**Your objective:**
Using the material that follows, identify and copy each line with the string "traktu".
::: Data provided
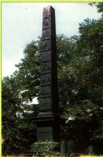
Obelisk "traktu brzeskiego" z 1825 roku

Ciekawostką turystyczną Terespoła pozostaje żelazny obelisk wzniesiony w 1825 roku dla uczczenia budowy traktu Brześć – Warszawa. Baza hotelowa ogranicza się do małego hoteliku w mieście oraz hotelu na terenie miejskiego stadionu sportowego.
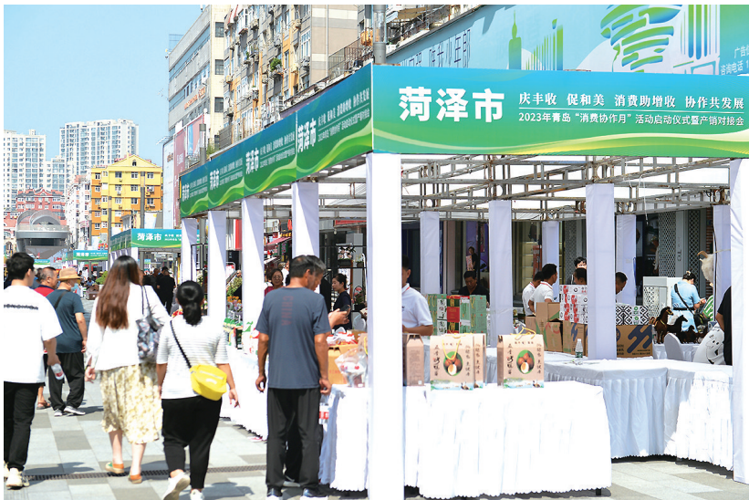
本次产销对接会将持续三天。

本报9月6日讯 6日上午，2023年青岛市“消费协作月”活动启动仪式暨产销对接会，在市区台东步行街拉开帷幕。采购签约、美食品鉴、直播带货，300余种协作帮扶和对口支援地的质优价平、绿色健康农特产品上架80余个展位，陇南祥宇油橄榄与青岛城运控股集团、渭源中小商贸流通企业服务中心与青岛青陇原农产品开发有限公司等12家企业，现场签订采购协议、协议金额5081万元。
::::::
**Response:**
Obelisk "traktu brzeskiego" z 1825 roku
Ciekawostką turystyczną Terespoła pozostaje żelazny obelisk wzniesiony w 1825 roku dla uczczenia budowy traktu Brześć – Warszawa. Baza hotelowa ogranicza się do małego hoteliku w mieście oraz hotelu na terenie miejskiego stadionu sportowego.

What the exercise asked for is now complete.